In one case, St. Felix and his associates targeted a woman from whom his group had already stolen $3 million in a SIM swapping attack. When they broke in and held the woman at gunpoint to try to steal the $500,000 in crypto she had left, the woman refused to turn over her password to her cryptocurrency account, so dismayed by her earlier loss that she told the men just to shoot her.

St. Felix was convicted on nine counts by a federal jury, and faces a sentence of seven years to life in prison. Thirteen co-conspirators also pleaded guilty.

Farcana token plummets 60% amid murky explanations

The token for the Farcana blockchain shooting game plummeted in value by around 60%. First, the project team announced that one of the project wallets had been compromised. However, they later deleted that tweet, then claimed that one of their market makers had been compromised.
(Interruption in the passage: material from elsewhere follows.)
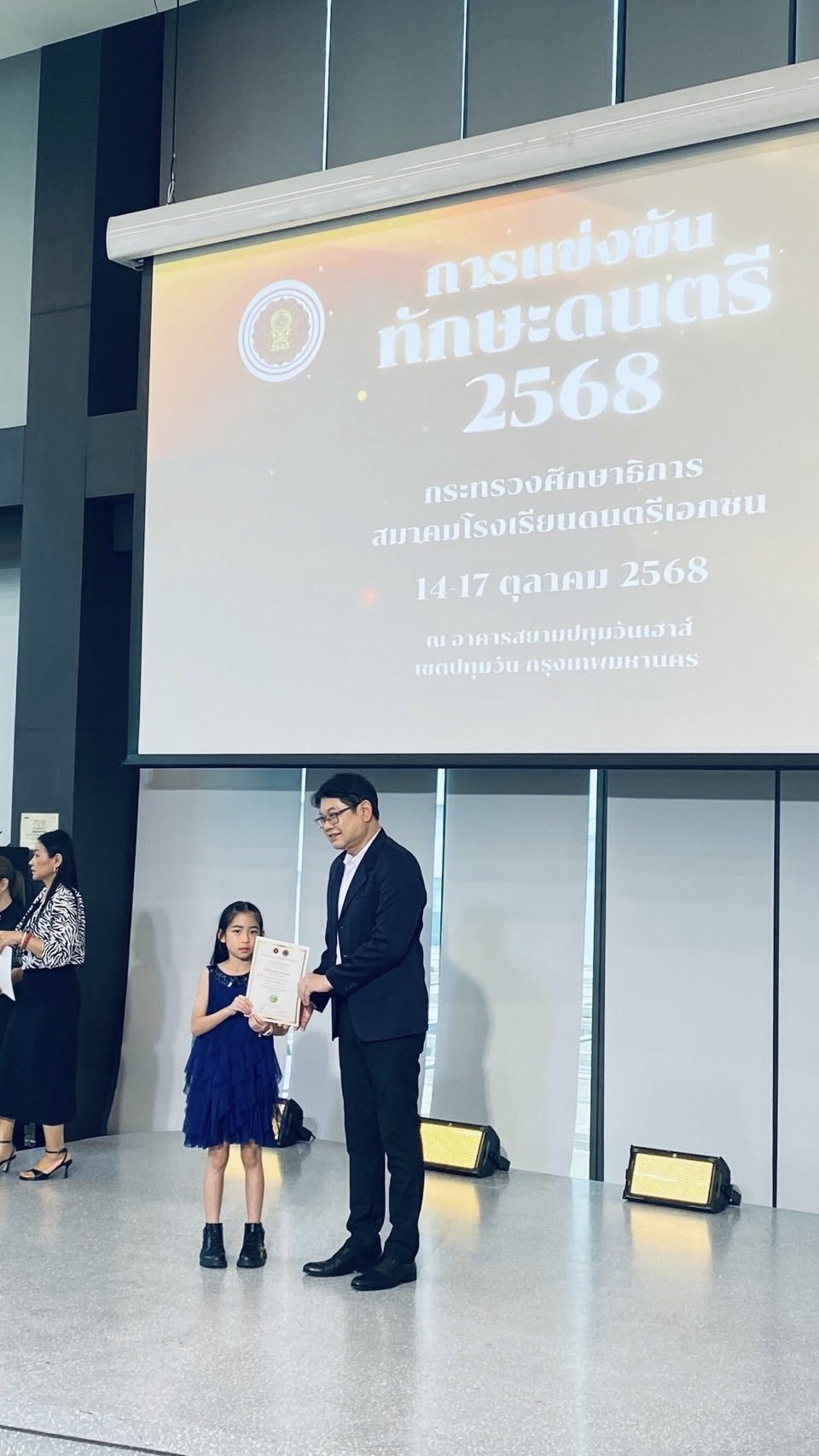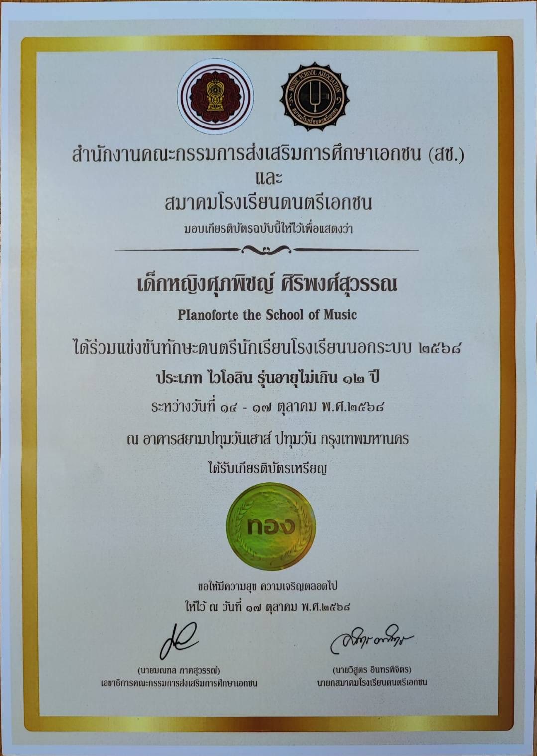 🎊 ด.ญ.ศุภพิชญ์ ศิริพงศ์สุวรรณ ระดับชั้นประถมศึกษาปีที่ 3/2 เข้าร่วมการแข่งขันทักษะดนตรีนักเรียนโรงเรียนนอกระบบ 2568 ประเภทไวโอลิน รุ่นอายุไม่เกิน 12 ปี จัดโดยสำนักงานคณะกรรมการส่งเสริมการศึกษาเอกชน(สช.) และสมาคมโรงเรียนดนตรีเอกชนระหว่างวันที่ 14-17 ตุลาคม 2568 ได้รับรางวัลเกียรติบัตรเหรียญทอง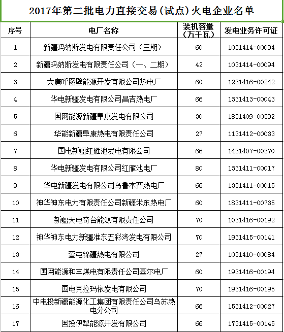附件:1. 2017年第二批電力直接交易(試點(diǎn))火電企業(yè)公示名單

They emphasized that their wallets had not been hacked, and that their smart contracts had not been exploited.

23.8 million FAR were taken from a wallet, and the majority were sold for around $164,000 in USDT. The exploiter still holds 3.4 million FAR, which are notionally worth $83,250 but not likely to be sellable for that amount.

Farcana raised $10 million in seed funding in November 2023 from investors including Animoca and Polygon Ventures.

Victim loses $11 million to permit phishing

A victim lost $11 million in Aave Ethereum (aEthMK) and Pendle USDe tokens after signing several permit phishing signatures. Permit phishing is a technique in which scammers convince a victim to sign a transaction that grants broad permissions, allowing the scammer to then drain assets from the wallets. likely hacked for $3.5 million

It appears that the online crypto sports betting platform suffered a theft of around $3.5 million in USDT and Tron's TRX tokens. The theft was observed by crypto sleuth zachxbt, who noted that the theft seems to have been perpetrated by the same attacker who stole at least $55 million from the BtcTurk cryptocurrency exchange only hours earlier.

SportsBet has not yet disclosed any theft.

"Read-only" CoinStats crypto application enables wallet breaches

CoinStats, an application promising to help people track their cryptocurrency holdings, has suffered a breach impacting more than 1,500 user wallets.

The application asks its users to connect their wallets to allow it to track their holdings, but promises on the website that it offers "the ultimate security for your digital assets". "Since we ask for read-only access only, your holdings are perfectly safe under any conditions," the website promises, later touting its "military-grade encryption".

CoinStats shut down the platform while investigating the incident. Losses have been estimated at around $2.2 million.